- [Raw data]
---*---
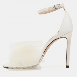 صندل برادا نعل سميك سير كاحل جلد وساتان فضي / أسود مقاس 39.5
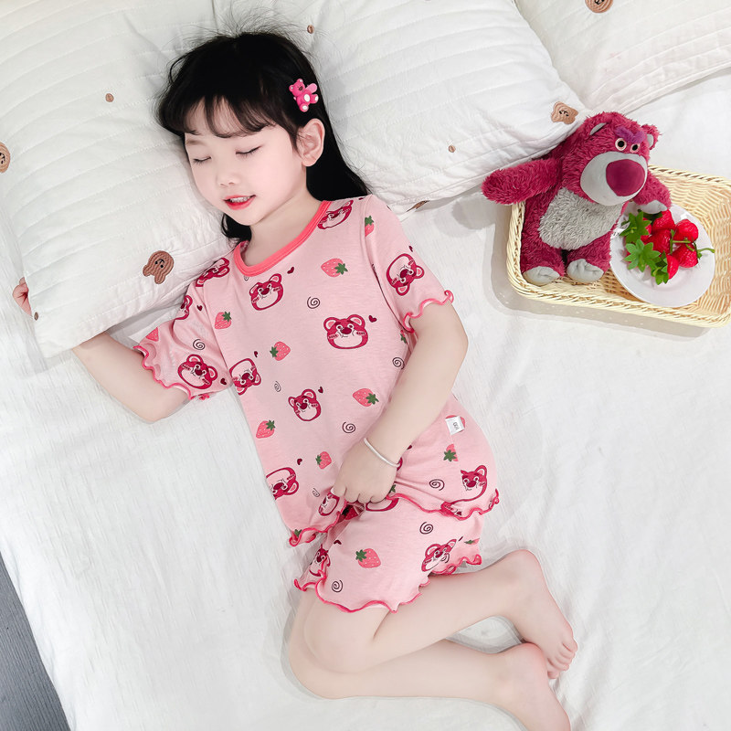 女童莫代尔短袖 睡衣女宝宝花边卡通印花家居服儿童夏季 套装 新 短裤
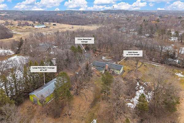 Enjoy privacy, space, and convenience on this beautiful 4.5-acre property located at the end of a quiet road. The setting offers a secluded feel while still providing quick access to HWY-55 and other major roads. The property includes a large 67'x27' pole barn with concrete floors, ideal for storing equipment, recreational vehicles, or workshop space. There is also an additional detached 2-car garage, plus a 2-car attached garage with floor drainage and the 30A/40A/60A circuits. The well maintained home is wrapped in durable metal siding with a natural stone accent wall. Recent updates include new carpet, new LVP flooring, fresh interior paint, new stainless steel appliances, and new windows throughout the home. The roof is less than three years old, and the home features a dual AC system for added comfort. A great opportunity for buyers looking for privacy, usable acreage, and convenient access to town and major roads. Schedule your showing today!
---*---
- [What to work on] The answer must be the full listing above, copied exactly, with no pictures in it.

- [Your solution]
 صندل برادا نعل سميك سير كاحل جلد وساتان فضي / أسود مقاس 39.5
 女童莫代尔短袖 睡衣女宝宝花边卡通印花家居服儿童夏季 套装 新 短裤
 Enjoy privacy, space, and convenience on this beautiful 4.5-acre property located at the end of a quiet road. The setting offers a secluded feel while still providing quick access to HWY-55 and other major roads. The property includes a large 67'x27' pole barn with concrete floors, ideal for storing equipment, recreational vehicles, or workshop space. There is also an additional detached 2-car garage, plus a 2-car attached garage with floor drainage and the 30A/40A/60A circuits. The well maintained home is wrapped in durable metal siding with a natural stone accent wall. Recent updates include new carpet, new LVP flooring, fresh interior paint, new stainless steel appliances, and new windows throughout the home. The roof is less than three years old, and the home features a dual AC system for added comfort. A great opportunity for buyers looking for privacy, usable acreage, and convenient access to town and major roads. Schedule your showing today!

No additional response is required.